1) Use CURL or is there something better?
2) After receiving the page (e.g. via CURL) immediately take the necessary data or to write to the file page, and then parse it. In terms of cost of operating memory the differences are?
3) Use the regular season or, for example PHP Simple HTML DOM Parser? And if the latter then what is it using? Data from each page to parse is not a lot and the speed of execution does not need.. memory Consumption intreset.
1) I'm using Guzzle, it's the same curl, but in a convenient wrapper.
2) I save the links in a file and then pass it on, if pages are few and not heavy - do not retain.
3) of the Regular season, but only in cases where ordinary methods of library data can't reach, for example on sites with a tabular layout without classes and IDs, use the phpquery library, she quickly specified.

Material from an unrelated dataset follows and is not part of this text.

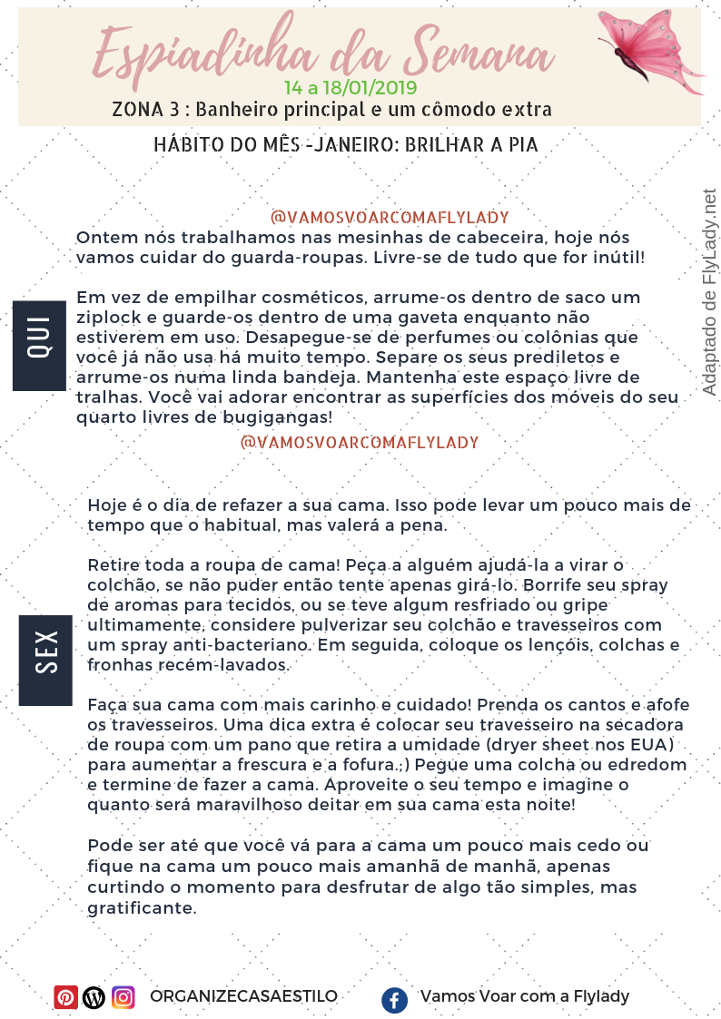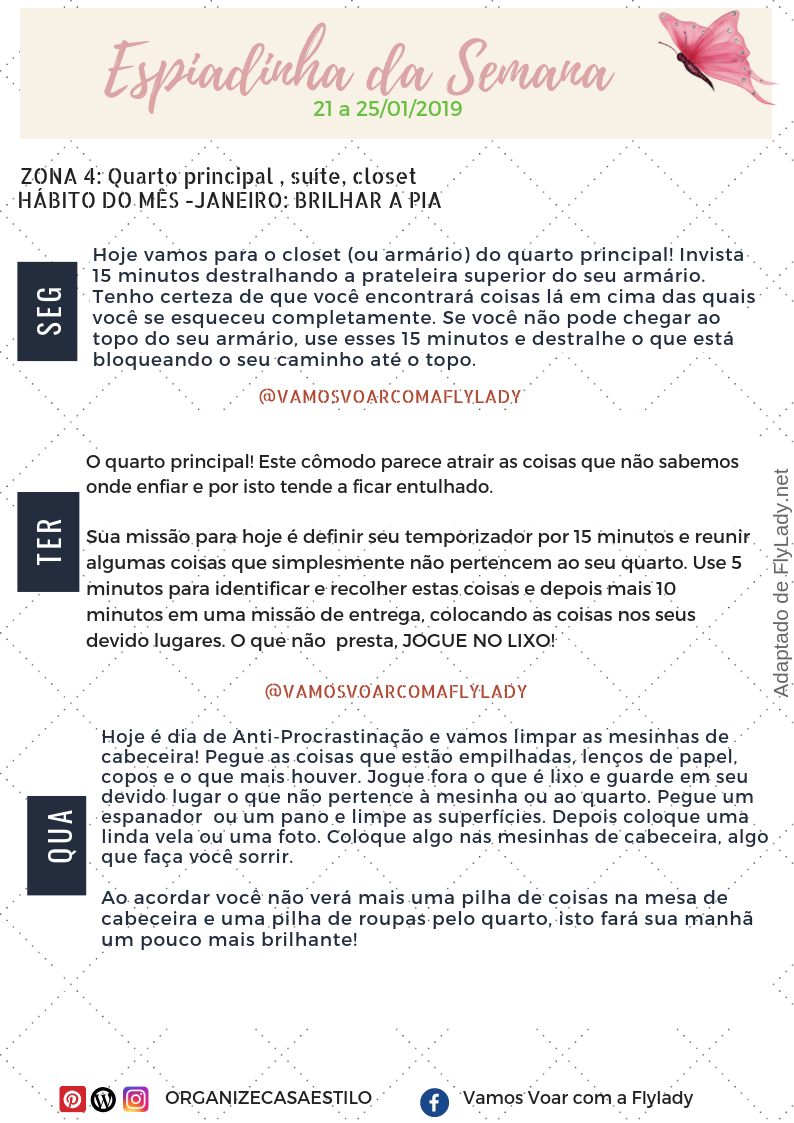 Aproveitem a Espiadinha da Semana e programem-se para a realização das missões Fly! Para entender o que é a espiadinha e como ela se encaixa no sistema FlyLady, leia aqui.

Rick.Satterfie answered on March 12th 20 at 08:06
1. curl for this purpose, excellent, I see no obstacles.
2. For every possible. In my case, the page hits to the database, from there is taken by the parser. The memory consumption will not tell, did not measure.
3. Use PHP Simple HTML DOM Parser - friendly interface, works fine. The regular season only in cases where nothing else.
Actually, looking at what was happening - there are better options parsing in Python sites (bs, scrappy). And much more pleasant options of parsing using headless browsers - allows more natural to the data and it is more natural to bypass some levels of protection from parsing.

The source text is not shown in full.